**** Provided data

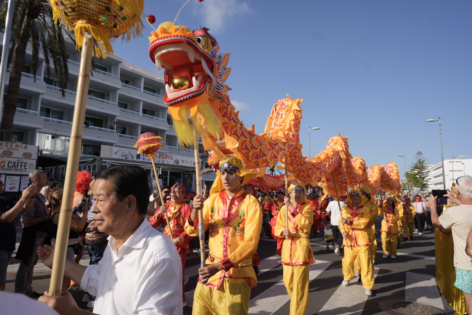 El desfile contó con una apertura de lujo encabezada por grupos ya emblemáticos del carnaval como la Comparsa Cumbacheros, la Batucada Aborigen, la murga Las Crazy Trotas, la Comparsa Cayo Mambí y la Batucada Piratas del Caribe. Tras ellos, el brillo de la corte real deslumbró al público, destacando la presencia de la Reina del Carnaval, Estrella Jiménez, la Gran Dama, Inmaculada Ojeda y Drag Ávalon, acompañadas de sus respectivas damas de honor y finalistas de la Gala Drag. Mención especial merece la Asociación China de las Islas Canarias, que aportó una nota exótica y espectacular con sus tradicionales dragones, causando una gran impresión entre los asistentes en esta, su primera participación en el evento.
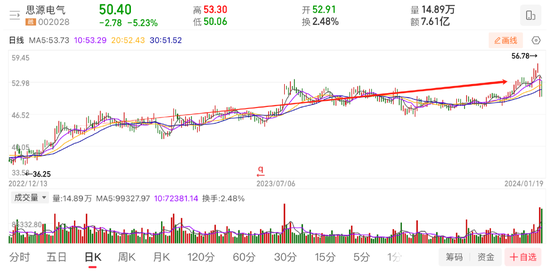 公开资料显示,思源电气的主营业务为输配电设备的研发、生产、销售及服务。2019年底,随着新能源行业的投资热潮,思源电气在二级市场的股价迎来腾飞。截至2023年底,思源电气股价已经从2019年9月末的10.75元上涨至52元,是少有的超级大牛股。
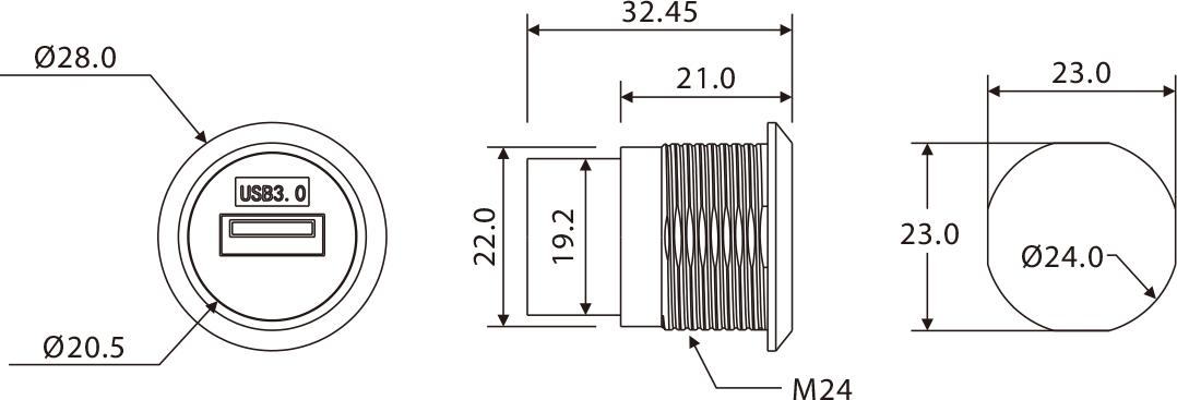 Feed through chassis USB3.0 (A-A) adapter, Nickel plated housing

********

Work to complete: Leaving the pictures out, set down all of the data again exactly.

Response to this task:
 El desfile contó con una apertura de lujo encabezada por grupos ya emblemáticos del carnaval como la Comparsa Cumbacheros, la Batucada Aborigen, la murga Las Crazy Trotas, la Comparsa Cayo Mambí y la Batucada Piratas del Caribe. Tras ellos, el brillo de la corte real deslumbró al público, destacando la presencia de la Reina del Carnaval, Estrella Jiménez, la Gran Dama, Inmaculada Ojeda y Drag Ávalon, acompañadas de sus respectivas damas de honor y finalistas de la Gala Drag. Mención especial merece la Asociación China de las Islas Canarias, que aportó una nota exótica y espectacular con sus tradicionales dragones, causando una gran impresión entre los asistentes en esta, su primera participación en el evento.
 公开资料显示,思源电气的主营业务为输配电设备的研发、生产、销售及服务。2019年底,随着新能源行业的投资热潮,思源电气在二级市场的股价迎来腾飞。截至2023年底,思源电气股价已经从2019年9月末的10.75元上涨至52元,是少有的超级大牛股。
 Feed through chassis USB3.0 (A-A) adapter, Nickel plated housing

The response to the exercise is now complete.